Associated legal considerations around, for example, “right of first refusal.” Ironically, both the City of Toronto and housing advocates have long cited lack of transparency around such private dealings, and the inability of municipalities to ensure this more openly in property acquisitions/being allowed the same right as already afforded in Quebec. The idea major cities in one Province may be afforded something like this that another is not, seems an unlikely legal argument the government would ever win. So why not have Ontario address it head on? Give it to them. This was a contributing factor to this case, and known others, which the PPS doesn't appear to help remedy. In fact, will arguably make the already egregious development reality and presented facts related to this, that much worse. Consider the separation of Planning from Council decisions in these regards, where everyone can simply say “not our responsibility” and get away with it no matter what catastrophic harm is caused in development. Then finger point. Until they can’t. Already a major problem that the PPS needs to help nip in the bud.

I urge the Minister to help make certain this government comes out looking its best, by ensuring that any unresolved cases (that is, already in the pipeline whether as yet legally appealed or not) as formally recognized in anyway prior to this going forward - will be enshrined into these rules and protected according to the intent of the "revitalization mandate.” Recognizing the existing disparity in such cases and difficulty of citizens to date to defend themselves (or others). To do so with good faith consideration of associated private housing/real estate laws as intended equitable and human rights protections. Such as that which the City of Toronto has acknowledged in this cited demolition/building amendment where the applicant has unique recognized rights, in these same unusual extended claims, but as do potential others too, with stakes likely relevant to the RTA. And whereas, the issue of the Queen’s Quay sale should be reviewed in light of presented facts in this case.

However, also to ensure associated timelines are not allowed to linger for years as an obstruction of justice. Or to strong-arm citizens as potential legal appellants. Particularly where associated criminality is already preliminarily established. At the same time, to ensure that either the PPS streamlining, or bylaws like 1331 established since this case was presented, do not afford developers yet more opportunities to circumnavigate such original amendments (again, representing other cases apart from this) or the “revitalization mandate.” Committing crimes, having their hands slapped, then simply making new applications that ignore those original legally intended directives and stop lights. Or appealing to the Minister if that doesn’t work. Keeping in mind, fundamental violations of Charter rights - especially on a foreseeable mass scale - is now a far bigger potential problem for government going forward as a consequence of development already left as a “wild west” of misconduct virtually without oversight. Certainly without punitive deterrents.

Moreover, ensure that both private home (and associated business) equity and human rights interests, as outlined, are not being (further) enabled or violated by the PPS and/or likewise the power of development wrongly emboldened (more than it is already) to do whatever it wants.
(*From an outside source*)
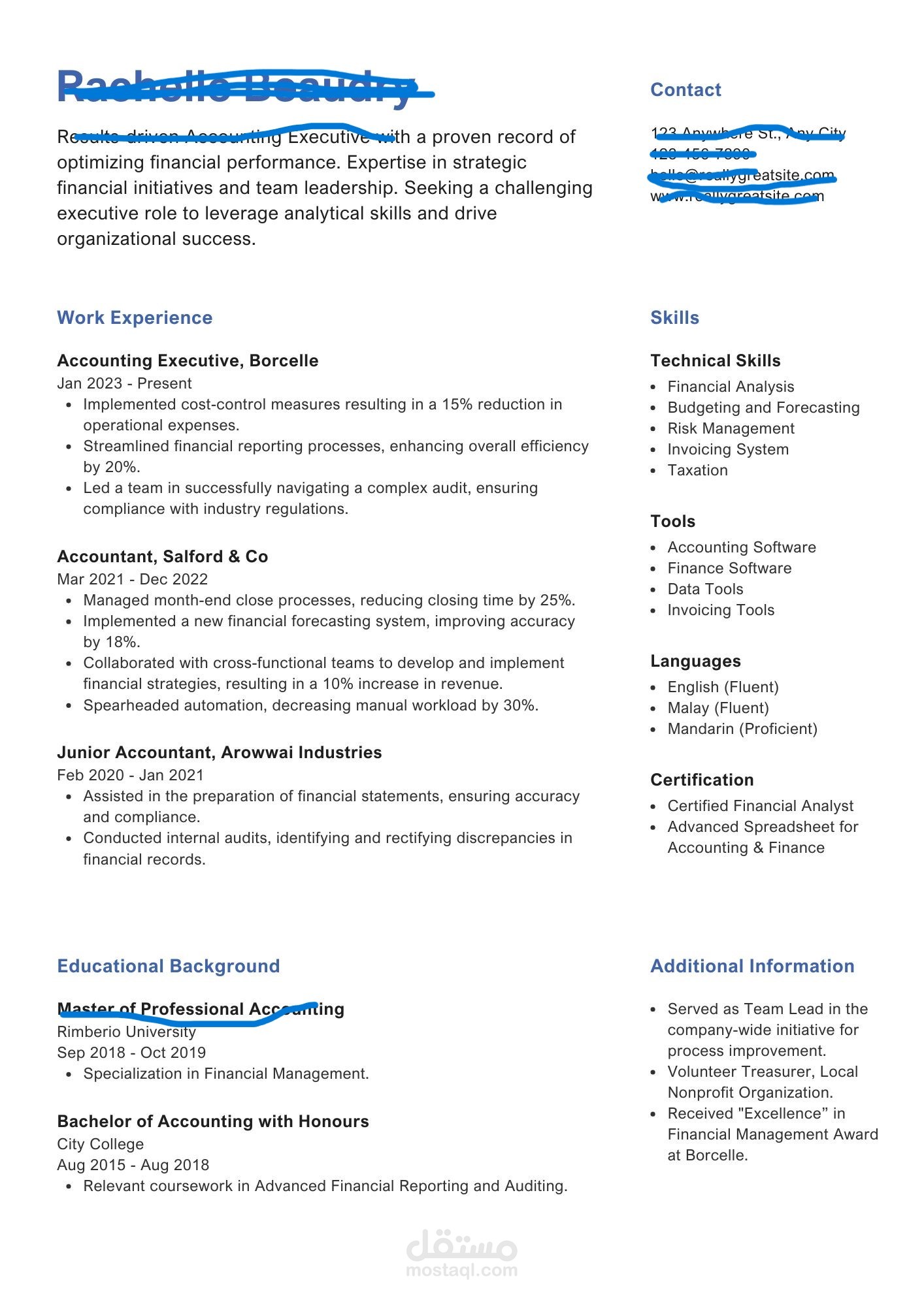 مرحبا معاكم كاتبة محتوى وأُتقن إعداد وتنسيق السير الذاتية بشكل احترافي. أنجزت أكثر من عدة سير ذاتية لشباب وباحثين عن عمل سابقًا، وأحرص دائمًا على أن تكون منظمة وواضحة وتبرز نقاط القوة.

Furthermore, it would bode well for the Minister to formally address this case on a good will intergovernmental basis, rather than support any more misconduct that might ever be interpreted in any way as wrongfully complicit. Currently the Ford government is operating apart from any known wrongdoing cited to date in these specific regards. Stepping up to acknowledge this through the PPS, by example, would be a helpful step in keeping the provincial government in the public and courts good graces. This may be an intergovernmental problem, but currently Ontario has an opening to redeem itself from overlapping issues already tied to misconduct in the Greenbelt scandal, as this case also involves former Mayor John Tory and his Aide, Steevan Sritharan (now employed by the Province), along with Mr. Diamond as Chair given wince-worthy cited conflicts of interest and open violations of housing (among other) rights.